Hollande, en préemptant, la phraséologie sécuritaire sarko-lepéniste, scelle, en effet, cette artificielle « unité nationale », dont on a pu écrire, dans ces colonnes, qu’elle était un rideau de fumée, une duperie grotesque servant à occulter son évidente responsabilité politique. Simultanément, profitant de la sidération provoquée par les attentats, il se concilie, de Benoît Hamon à Jean-Luc Mélenchon, les faveurs d’une gauche qui n’en finissait plus d’ourdir contre lui.


Au-delà de cette écume, on peut s’interroger sur le cynisme d’une telle posture qui n’illusionne que les ingénus. Hasardons-nous à formuler une hypothèse qui, malgré – reconnaissons-le – son présupposé conspirationniste, n’en serait pas pour autant dénuée de vraisemblance, à en juger par la glaciale détermination destructrice dont n’a cessé de faire montre ce socialisme à visage hideux, depuis son arrivée au pouvoir. Ainsi, en jetant volontairement un voile d’ignorance sur les signes avant-coureurs de ces atrocités nécessairement repérés par nos services de renseignements, le pouvoir ne serait-il pas à l’origine d’une sordide instrumentalisation du terrorisme à des fins politiciennes : faire monter le FN – en lui assurant, le cas échéant, une nette victoire dans certaines régions – pour préparer une réélection en 2017. Mithridatisant la droite, Hollande se garde de sa gauche en étouffant dans l’œuf toute velléité de contestation de son leadership.
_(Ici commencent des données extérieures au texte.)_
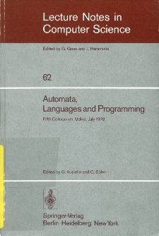publishing series: "Lecture Notes in Computer Science" No. 62, edited by G. Ausiello and C. Bohm ; ICALP conference materials: Fifth Colloquium, Udine, Italy, July 17-21, 1978 ; editorial board: P. Brinch Hansen, D. Gries, C. Moler, G. Seegmuller, J. Stoer, N. Wirth

Circonspect, le criminologue Xavier Raufer, après avoir souligné le surarmement de Daesh, se demandait sur TV Libertés (14 novembre) : « l’État islamique est une armée mercenaire [mais] au service de qui ? ».


« Quand vous avez éliminé l'impossible, ce qui reste, même improbable, doit être la vérité » (A. Conan Doyle, Le signe des Quatre).